Many electrical and electronic devices are designed and constructed to operate from power at a substantially constant voltage and include a power supply to convert power from an alternating current or battery input to the required nominal voltage. However, to achieve high efficiency of such power conversion, power supplies employ switching circuits which control frequency and/or duty cycle of current pulses drawn from a power source to achieve the desired voltage with good regulation and thus inherently generate electromagnetic interference (EMI) noise at the input from the power source. EMI noise may also be generated by fluctuations in the amount on power drawn by the electrical or electronic device such as the large current swings that may be produced by a data processing or logic array circuit as switching is performed in a highly parallel and clocked fashion between periods in a stand-by state during which comparatively little power is drawn. This EMI noise reflected to the power input is referred to as conducted EMI noise or, simply, conducted EMI since it is conducted back to the power source.

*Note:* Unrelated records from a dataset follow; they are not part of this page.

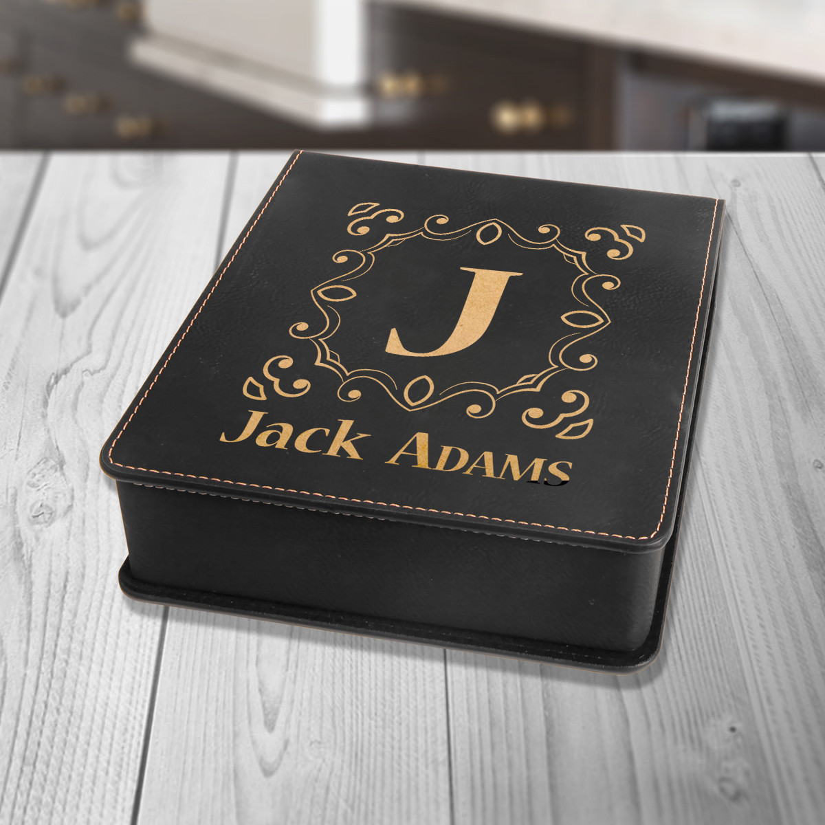The 3 wine tools are set in a black box made of faux leather on which gold engravings can be lasered. The inside of the leatherette box is lined with velveteen and the box has a magnetic closure. This wine tool gift set can be engraved with the recipients’ name, initials or a company logo, depending on the occasion. The set will make an impressive gender neutral gift during weddings, house warming, valentines, birthdays, bachelor parties. They will also be thoughtful gifts for real estate and mortgage clients.
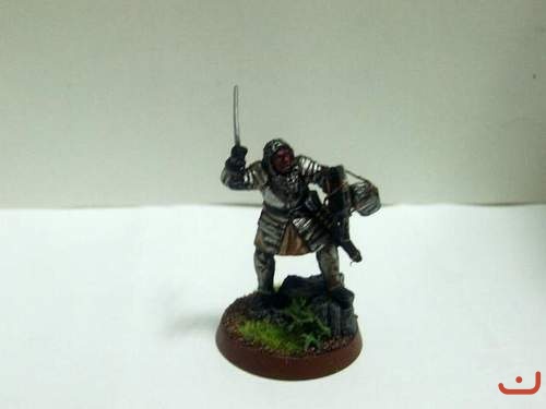 El cuerpo pertenece a un guerrero de minas tirith. Le puso la cabeza de un orco y le modele la cota malla que le cubre la cabeza. La cabeza del hombre la coloque el escudo como si fuera un trofeo.
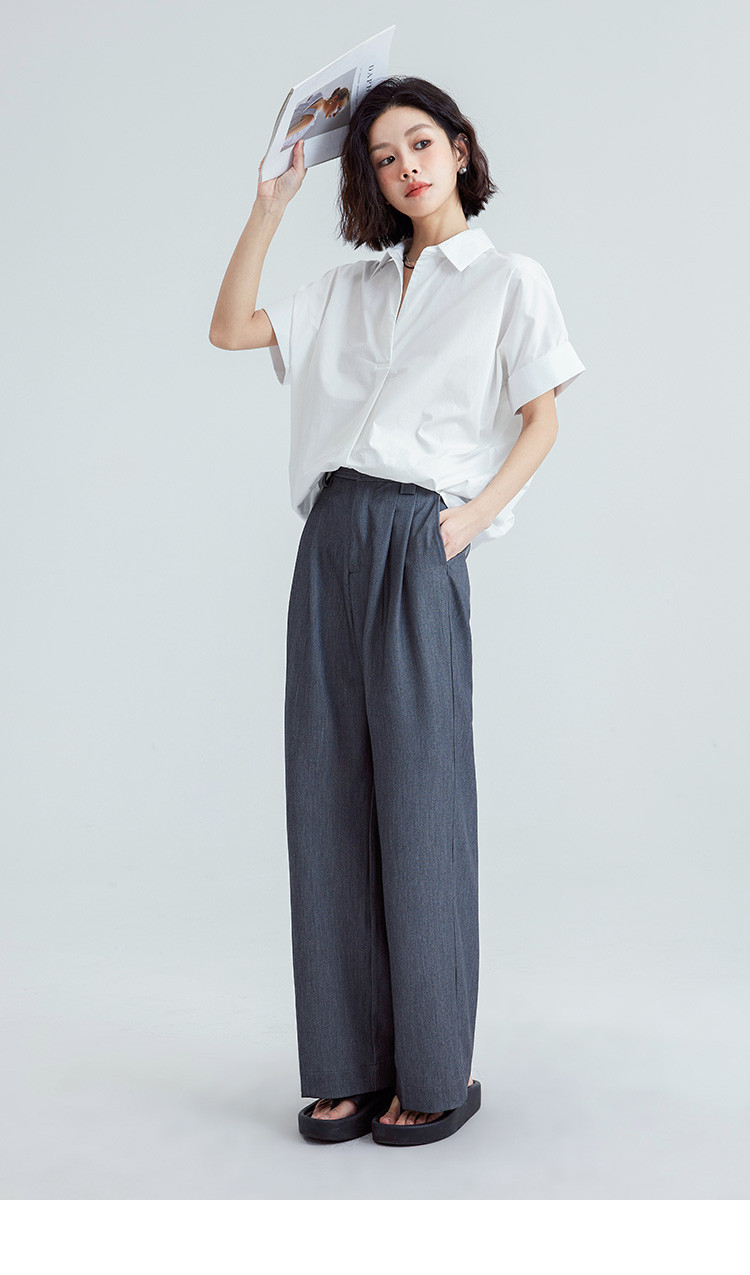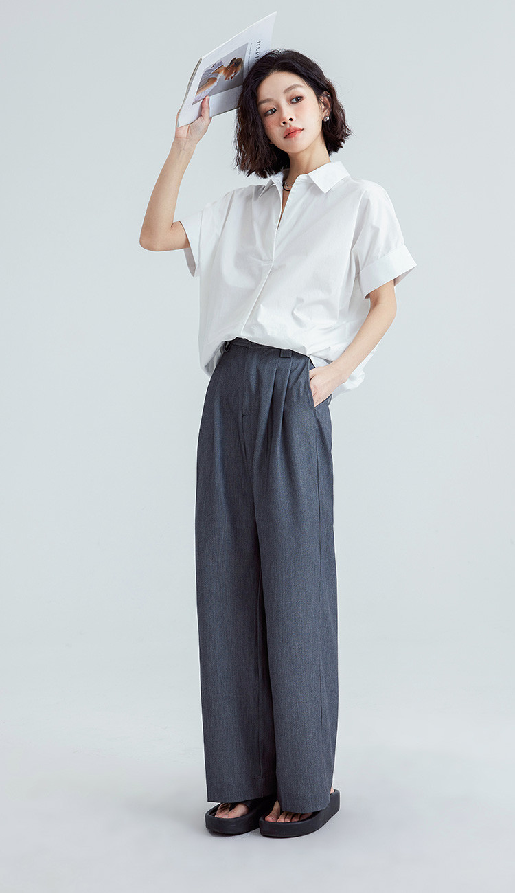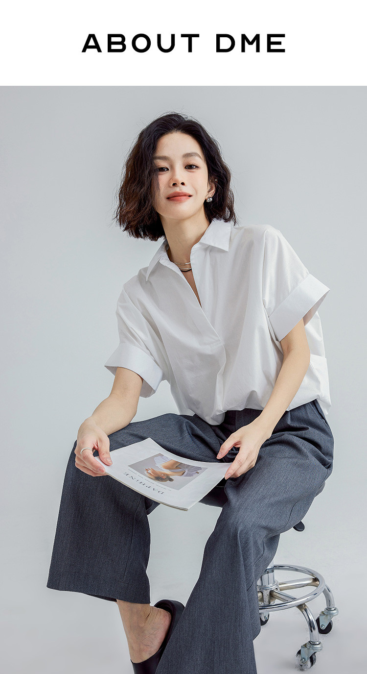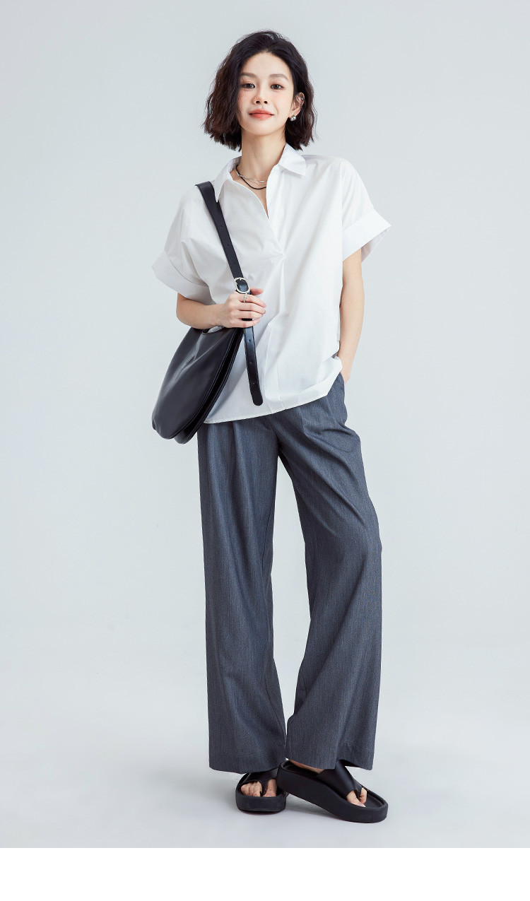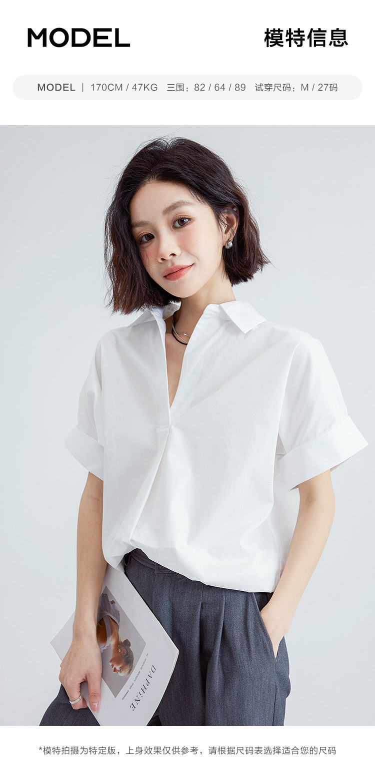 商品名称:【简约通勤衬衫】夏款简约纯色半门襟套头宽边袖小衫女 728194

Conducted EMI noise has detrimental effects on operation of electrical and electronic products, particularly due to the high frequencies present therein which can cause heating in batteries or cause fluctuations in power delivered to other devices over commercial power distribution networks which may cause improper or unintended operation thereof. Accordingly the Federal Communications Commission (FCC) issues EMI standards for almost all electronic products that may be connected either directly or indirectly to power grids and which specify the maximum conducted EMI noise level that can be produced in a wide frequency band from 10 KHz to 30 MHZ. To meet these standards, most electronic products use EMI suppression circuits such as filters to attenuate the EMI noise allowed to reach the power source. However, EMI noise is the vector sum of common mode (CM) and differential mode (DM) noise components which are not easily separated and which are often addressed in different ways in design of a filter to reduce them. EMI noise is conventionally measured using a spectrum analyzer and a pair of line impedance stabilization networks (one in each side of the power connection) which has no capability of separation of CM and DM noise components or even determining which component is dominant. Thus, EMI suppression circuit design as well as power supply circuit design has, in the past, been largely a matter of trial and error since CM and DM noise may be generated by different mechanisms and may require different approaches to EMI suppression.
Some circuits for noise separation have been proposed but none can accurately separate CM and DM noise components. Further, proposed circuits all include parasitic capacitances and inductances which, at high frequencies, necessarily degrade any degree of noise separation that any particular noise separator circuit proposed to date can achieve.